2005 The definitions of the classes are extended. A, B: well organized, C: Club / casually organized. Before this A was 5 rounds and B 3 rounds. [ext] original proposal

2009 The AGI team around Aldo takes over the EGF rating and registers an own domain [ext] europeangodatabase.eu. Ratings are now updated in real time. Club abbreviations increase from 3 to 4 letters.

2009 The AGA with Jonathan M. Bresler starts to use the same system, EGD and AGAGD, EGD later cross references it (around 300 players). AGA Rating goes back to 1991. [ext] Project stopped in 2012.

2011 The EGD starts accepting results from a recurring online tournament the Pandanet Go European Team Championship.

2013 France makes a [ext] proposal to lower the Kyu limit from 20 Kyu to 30 Kyu – it's rejected.
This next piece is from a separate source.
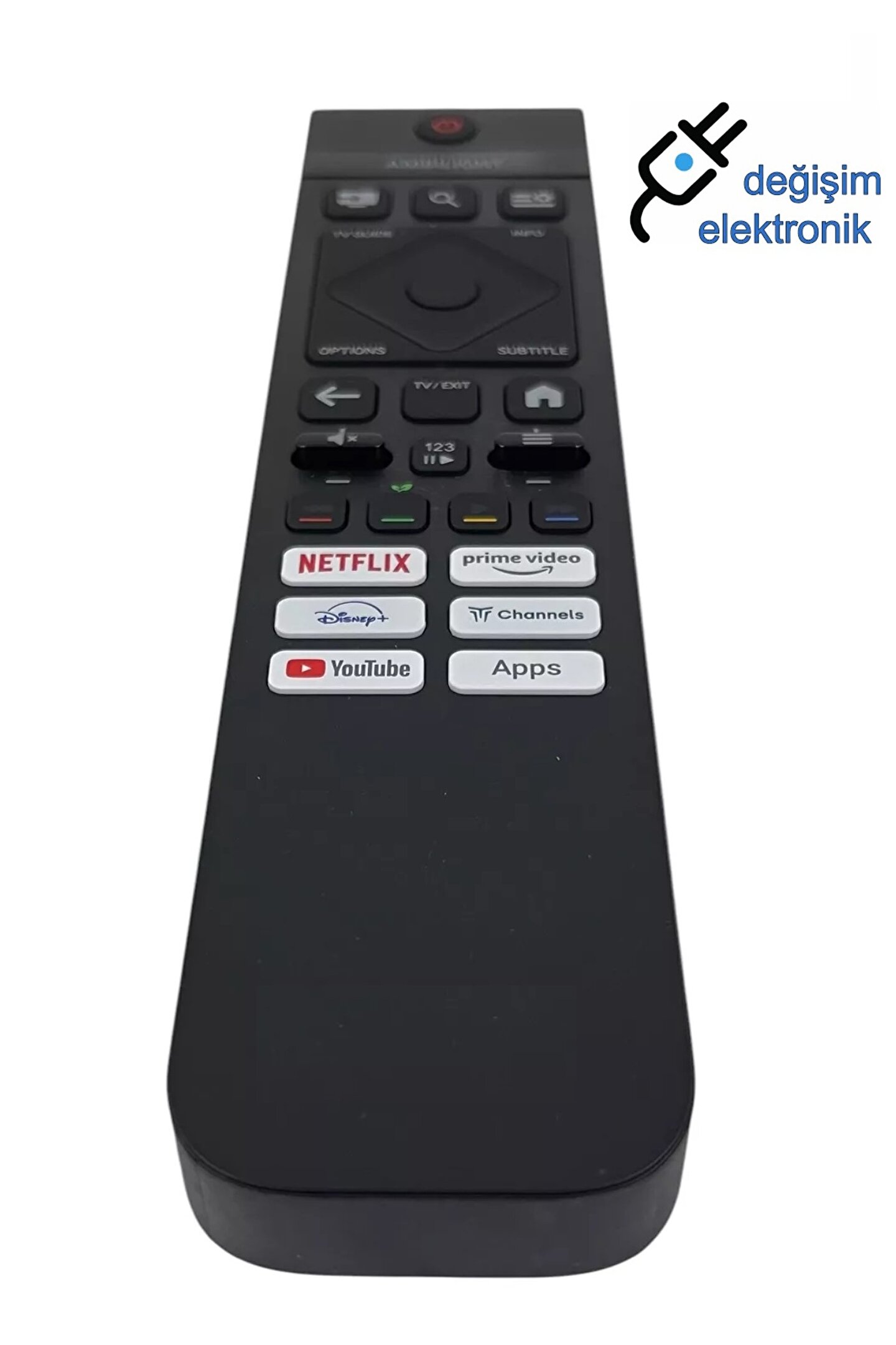 - 4K Android LED TV'ler için özel olarak tasarlanmış, Philip s 55PUS8050 modeliyle uyumlu kumanda.; - Ses komut özelliği bulunmayan, klasik kumanda tasarımı ile kullanım kolaylığı sağlar.; - Siyah renk seçeneğiyle modern ve şık bir görünüm sunar.; - CN menşeili olup, uluslararası standartlarda üretilmiştir.; - Tamir edilemez yapısıyla uzun ömürlü kullanım vaat eder.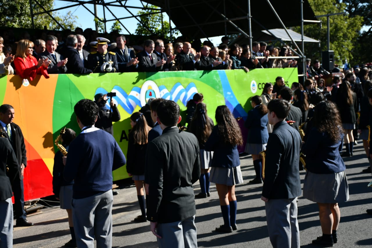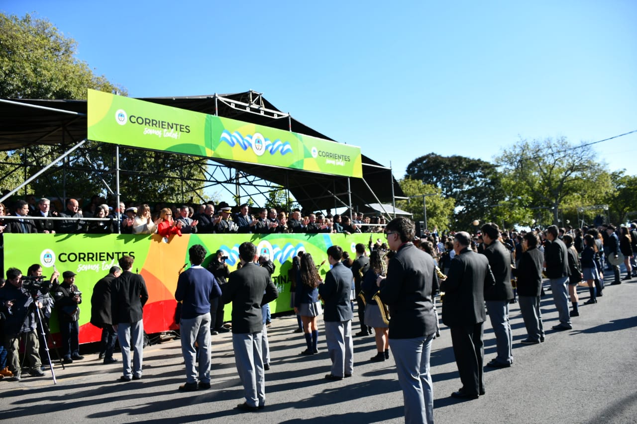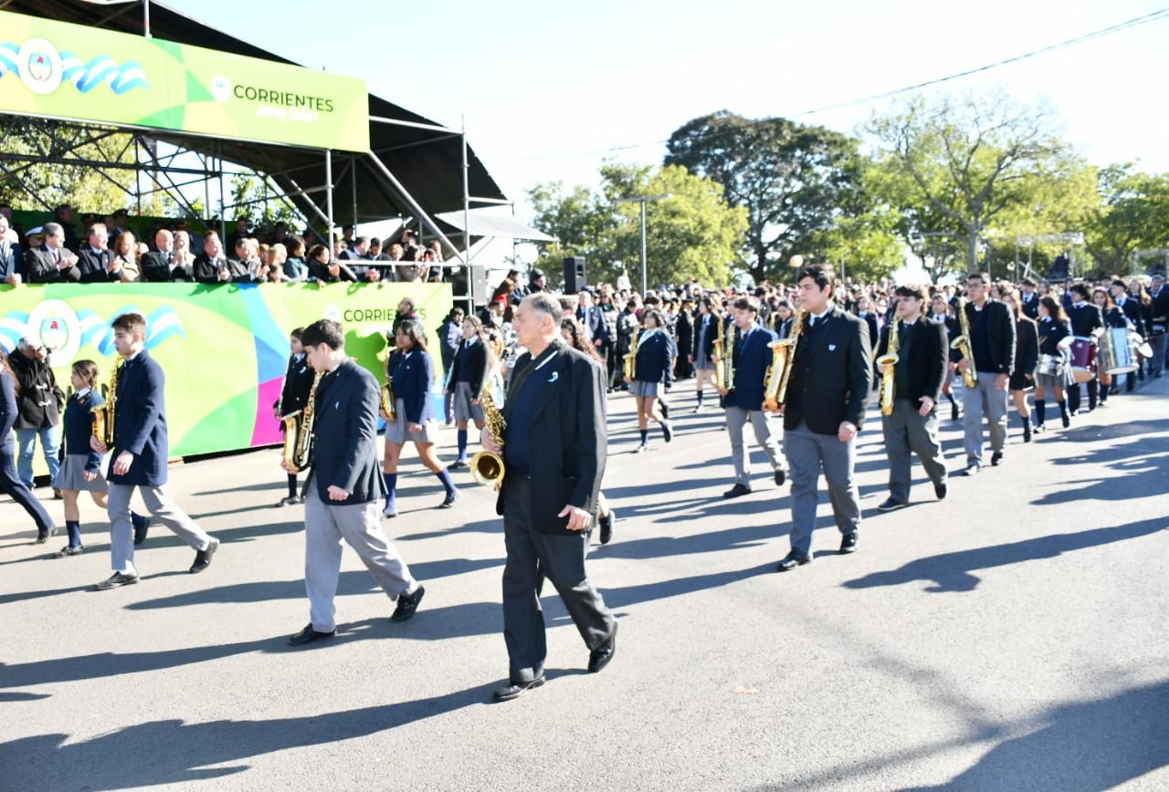 Al compás la Banda de Música de la Policía de Corrientes, también desfilaron fuerzas de seguridad, asociaciones deportivas e instituciones intermedias, ante gran marco de público, contándose con la presencia de padres, tutores y docentes, además de autoridades educativas.

2014 The UK makes a [ext] proposal to also accept games played in the internet – it's accepted (class D with a weighting of 25%) for a trial of 1 year; in 2017/2018 this period was extended indefinitely.
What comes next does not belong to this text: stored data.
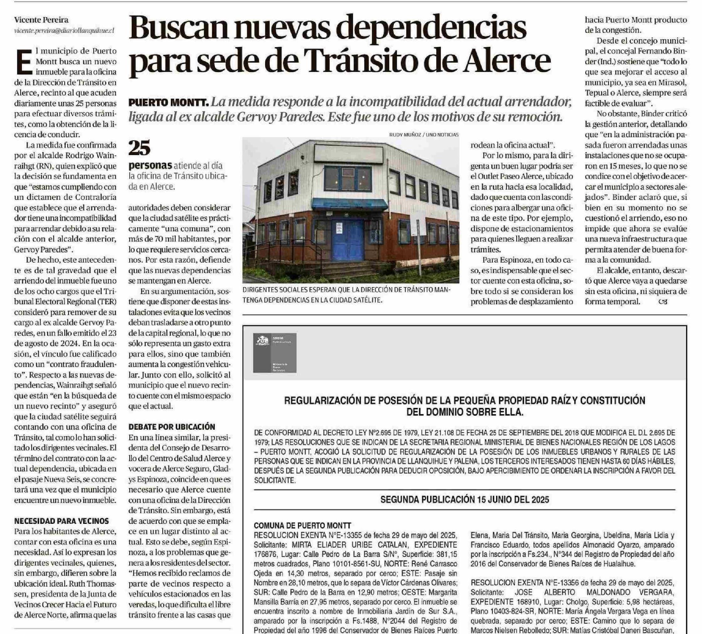 Buscan nuevas dependencias para sede de Tránsito de Alerce 15-06-2025 El Llanquihue |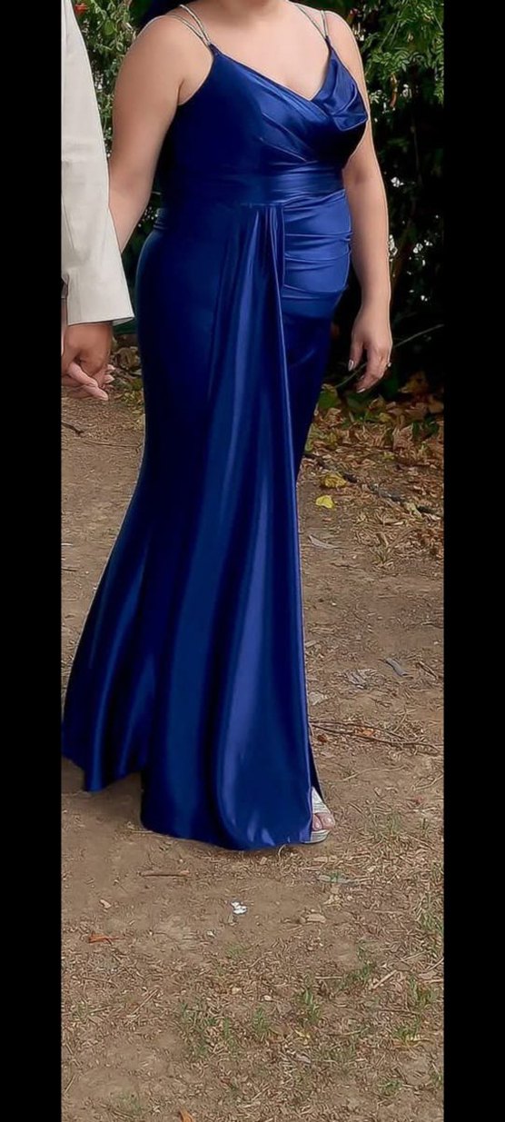Bu mavi uzun elbise, drapeli tasarımı, V yakası ve ince askılarıyla klasik ve şık bir görünüm sunar. 38 40 beden rahat giyer arkası baglamali saten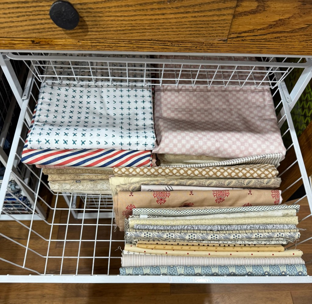 Someone asked about how I fold fabric. Larger pieces (more than a yard) are wrapped around my largest ruler and then folded in half. You can see piles like this at the back of the drawer below.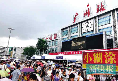廣州站和廣州東站通過京廣鐵路運(yùn)行的列車服務(wù)都受到影響,廣州火車站地區(qū)昨天中午一度滯留了過萬名旅客,嚴(yán)重程度僅次于2008年雨雪冰凍災(zāi)害時(shí),車站售票廳因此實(shí)行只退票不售票。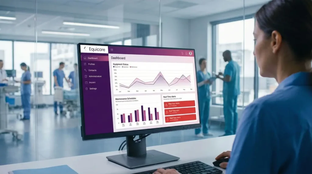 A: Equicare is used to manage, track, and maintain medical equipment across hospitals, departments, and service locations in a centralized digital system.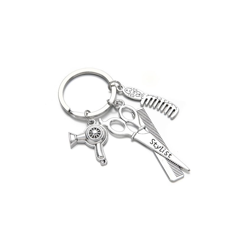 Hairdresser Hair Dryer,Scissor,Comb Charm Pendant Keychain Keyring,Perfect for Salon Owner,or Hair Stylist Gift Jewelry Graduation Gift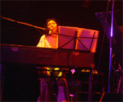 トップ・バッターはtica。エマーソン北村、東京スカパラダイスオーケストラのNARGOらをゲストに迎えて、新作『latest rules』と9月発売予定の次作『morelatest rules』からの曲を中心にしたダビーな構成。緩急のメリハリがついた好演を見せてくれた。続いては、クラムボンの原田郁子が登場。これが初のソロライヴとなる彼女は、ticaに引き続いての演奏となるエマーソン北村との共演という形で舞台に立った。小沢健二“大人になれば”のカヴァー(絶品!)からスタートし、台湾映画『藍色夏恋』に書き下ろした曲“風色夏恋”など5曲を披露。初めこそ照れと緊張が見られた原田だったが、演奏と共に徐々に開放度が増し、終わる頃には会場全体を笑顔に包む込むような、そんなほんわかとしたステージを展開した。欲を言えば、もう少し長く聴きたかったような……。

2018 The EGD excludes Pandanet Go European Team Championship results, which had been included since 2011.

2019 Belgium makes a proposal [ext] Extend the rating scale up to 40 kyu – it's rejected, but a [ext] rating commission is founded to discuss an expansion to lower Kyu ranks.

2020 The EGF rating goes back from the AGI initiative to the EGF.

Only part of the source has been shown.